Ankilozan spondilit (AS), çoğunlukla genç yaşlarda ortaya çıkan ve omurga, kuyruk sokumu kemiği ile leğen kemiğini birleştiren sakroiliyak eklemleri etkileyen inflamatuar (iltihaplı) bir romatizma hastalığı. Hastalığın son aşamasında, halk arasında, "Kamburluk" olarak bilinen sırt ve boyun deformasyonu görülür. AS'nin en önemli özelliği, inflamatuar yani yangılı bel ağrısına neden olmasıdır.

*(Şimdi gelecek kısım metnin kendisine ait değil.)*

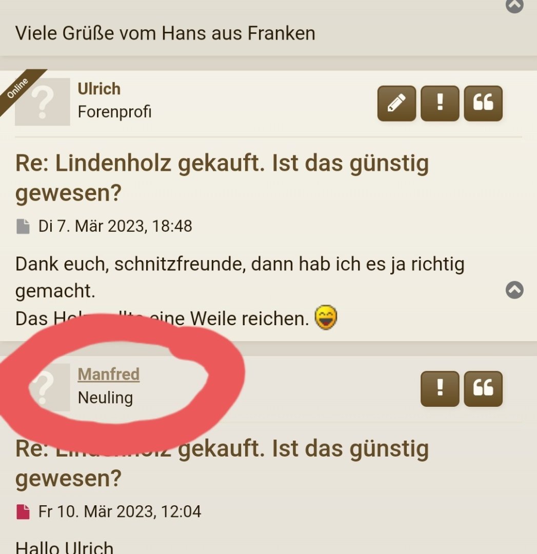 es geht jetzt nicht um das Lindenholz, sondern um meine Antwort auf Deine Bitte, die "Ente" nachschnitzen zu dürfen. Warum antworte ich Dir hier: ich habe auf der Seite alles nachgesehen, kann aber nicht erkennen, wo ich Dir auf Deine Frage bezüglich des Nachschnitzens antworten soll. Vielleicht bin ich auch nur ein bischen blöde ...

Bel, sırt, boyun ve kalçaların arka kısımlarında hissedilen ağrı, dinlenmeyle ortaya çıkar veya şiddetlenir ve günlük hareketlerle azalır. Bel fıtığındaki ağrıdan en önemli farkı, ağrının istirahat halinde artması ve aktiviteyle azalmasıdır. Bel fıtığı ağrısı tek bir yöne doğru hareket ile artarken AS ağrısı omurganın her yöne hareketinde etkili olur. Bu ağrı gecenin ilerleyen saatlerinde uykudan uyandırabilir. Bir başka belirtisi ise tipik olarak, yarım saatin üzerinde süren sabah tutukluğu ile katılığıdır. AS yalnızca bel ağrısıyla değil, göğüs kafesinde, omuz, kalça, diz, ayak bileği veya el eklemlerinde ağrı ve şişliklerle de ortaya çıkabilir.

ANKİLOZAN SPONDİLİT NEDİR?

Ankilozan Spondilit (AS), çoğunlukla genç yaşlarda ortaya çıkan ve omurga, kuyruksokumu kemiği ile leğen kemiğini birleştiren sakroiliyak eklemleri etkileyen enflamatuvar (iltihaplı) bir romatizma hastalığı. Hastalığın son aşamasında, halk arasında, "Kamburluk" olarak bilinen sırt ve boyun deformasyonu görülür. AS'nin en önemli özelliği, enflamatuvar yani yangılı bel ağrısına neden olmasıdır. Bel, sırt, boyun ve kalçaların arka kısımlarında hissedilen ağrı, dinlenmeyle ortaya çıkar veya şiddetlenir ve günlük hareketlerle azalır.